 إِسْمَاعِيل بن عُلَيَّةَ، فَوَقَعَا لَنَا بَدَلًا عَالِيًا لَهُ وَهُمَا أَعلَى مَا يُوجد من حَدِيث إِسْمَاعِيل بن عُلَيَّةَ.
...
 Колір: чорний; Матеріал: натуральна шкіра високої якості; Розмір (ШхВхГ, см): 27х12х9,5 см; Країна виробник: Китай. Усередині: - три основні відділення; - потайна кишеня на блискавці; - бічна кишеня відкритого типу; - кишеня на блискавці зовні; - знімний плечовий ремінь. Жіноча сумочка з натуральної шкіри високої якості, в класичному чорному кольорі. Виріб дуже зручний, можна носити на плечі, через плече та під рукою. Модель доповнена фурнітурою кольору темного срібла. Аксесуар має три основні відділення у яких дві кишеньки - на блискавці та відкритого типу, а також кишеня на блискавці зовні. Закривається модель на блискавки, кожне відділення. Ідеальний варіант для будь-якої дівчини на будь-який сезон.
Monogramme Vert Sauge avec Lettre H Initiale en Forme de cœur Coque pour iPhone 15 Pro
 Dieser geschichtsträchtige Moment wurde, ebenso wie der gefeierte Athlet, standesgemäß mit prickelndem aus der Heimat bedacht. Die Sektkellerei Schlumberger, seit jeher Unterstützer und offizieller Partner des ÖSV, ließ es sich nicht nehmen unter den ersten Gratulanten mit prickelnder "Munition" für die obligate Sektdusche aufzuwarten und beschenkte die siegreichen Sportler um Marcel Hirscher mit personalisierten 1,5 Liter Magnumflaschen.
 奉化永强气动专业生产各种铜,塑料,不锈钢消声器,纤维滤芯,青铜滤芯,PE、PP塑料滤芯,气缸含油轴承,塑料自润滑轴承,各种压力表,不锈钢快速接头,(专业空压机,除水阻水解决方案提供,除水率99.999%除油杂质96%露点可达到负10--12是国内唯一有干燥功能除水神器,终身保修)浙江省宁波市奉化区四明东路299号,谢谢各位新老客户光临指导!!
...
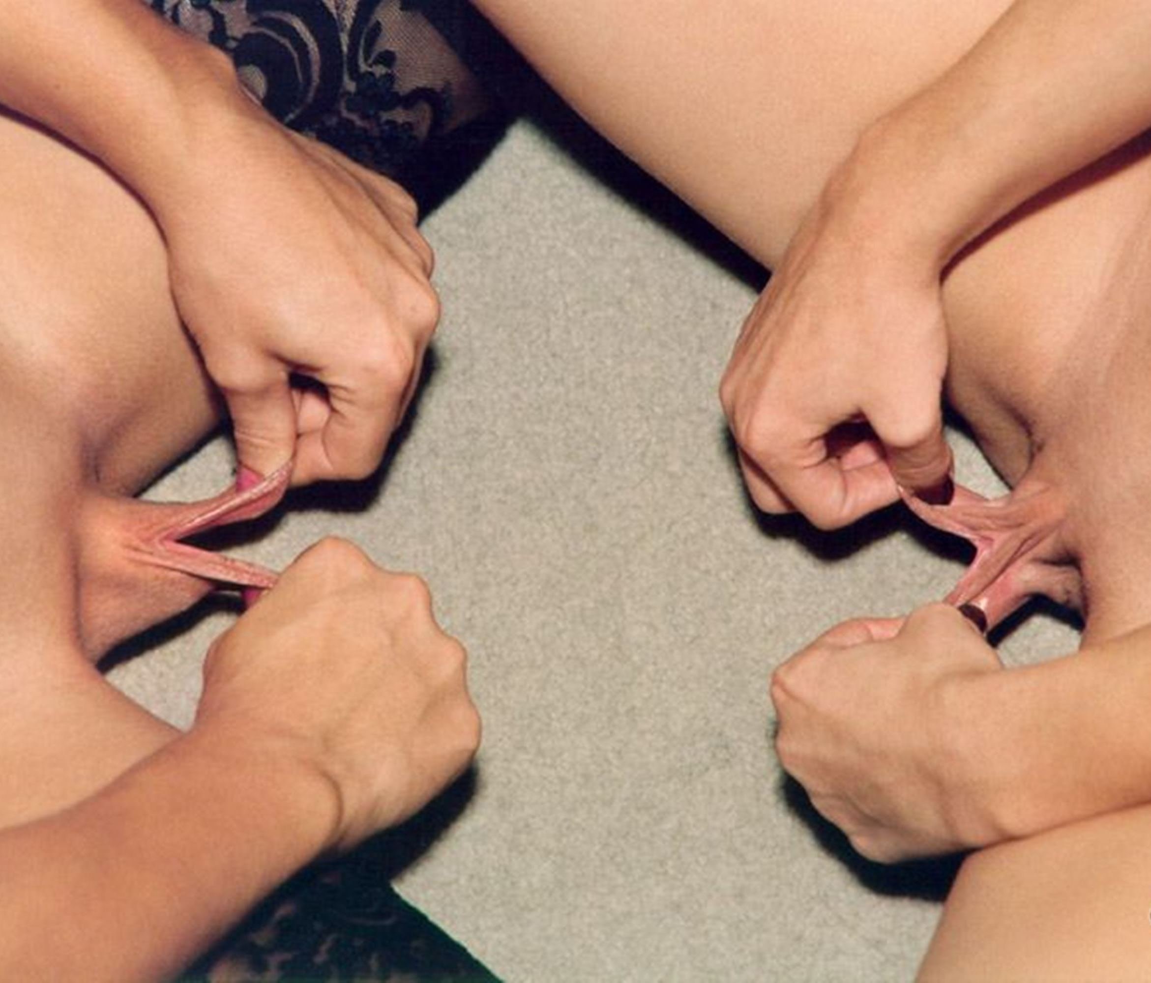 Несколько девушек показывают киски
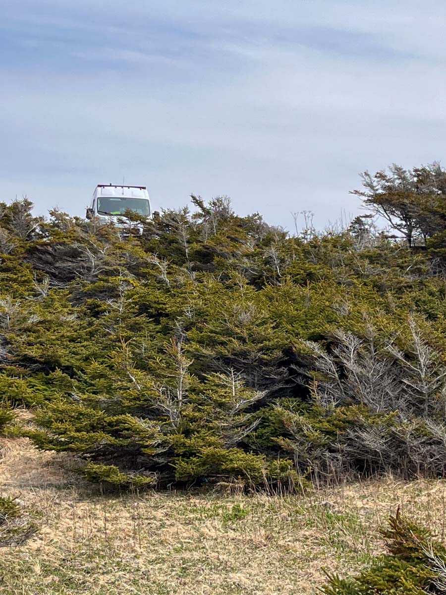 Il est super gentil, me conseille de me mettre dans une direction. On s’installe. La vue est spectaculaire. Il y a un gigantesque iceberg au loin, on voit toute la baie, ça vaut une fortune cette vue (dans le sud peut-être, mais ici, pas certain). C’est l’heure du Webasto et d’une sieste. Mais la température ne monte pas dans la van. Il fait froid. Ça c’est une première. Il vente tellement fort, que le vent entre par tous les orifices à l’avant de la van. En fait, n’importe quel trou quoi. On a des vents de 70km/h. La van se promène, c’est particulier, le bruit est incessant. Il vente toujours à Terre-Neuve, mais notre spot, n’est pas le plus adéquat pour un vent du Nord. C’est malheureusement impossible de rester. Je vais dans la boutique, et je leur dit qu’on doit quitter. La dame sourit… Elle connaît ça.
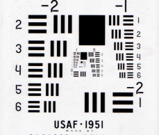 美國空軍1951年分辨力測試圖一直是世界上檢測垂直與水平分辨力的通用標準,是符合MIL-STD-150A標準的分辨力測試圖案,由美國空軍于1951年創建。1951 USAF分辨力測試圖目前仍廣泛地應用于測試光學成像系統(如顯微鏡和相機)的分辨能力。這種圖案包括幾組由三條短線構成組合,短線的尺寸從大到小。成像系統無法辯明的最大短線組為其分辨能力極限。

Task requirements
Produce a word-for-word copy of everything above from the line holding "Dieser geschichtsträchtige Moment" down to the line holding "奉化永强气动专业生产各种铜,塑料,不锈钢", with both of those lines kept.

Exercise response
 Dieser geschichtsträchtige Moment wurde, ebenso wie der gefeierte Athlet, standesgemäß mit prickelndem aus der Heimat bedacht. Die Sektkellerei Schlumberger, seit jeher Unterstützer und offizieller Partner des ÖSV, ließ es sich nicht nehmen unter den ersten Gratulanten mit prickelnder "Munition" für die obligate Sektdusche aufzuwarten und beschenkte die siegreichen Sportler um Marcel Hirscher mit personalisierten 1,5 Liter Magnumflaschen.
 奉化永强气动专业生产各种铜,塑料,不锈钢消声器,纤维滤芯,青铜滤芯,PE、PP塑料滤芯,气缸含油轴承,塑料自润滑轴承,各种压力表,不锈钢快速接头,(专业空压机,除水阻水解决方案提供,除水率99.999%除油杂质96%露点可达到负10--12是国内唯一有干燥功能除水神器,终身保修)浙江省宁波市奉化区四明东路299号,谢谢各位新老客户光临指导!!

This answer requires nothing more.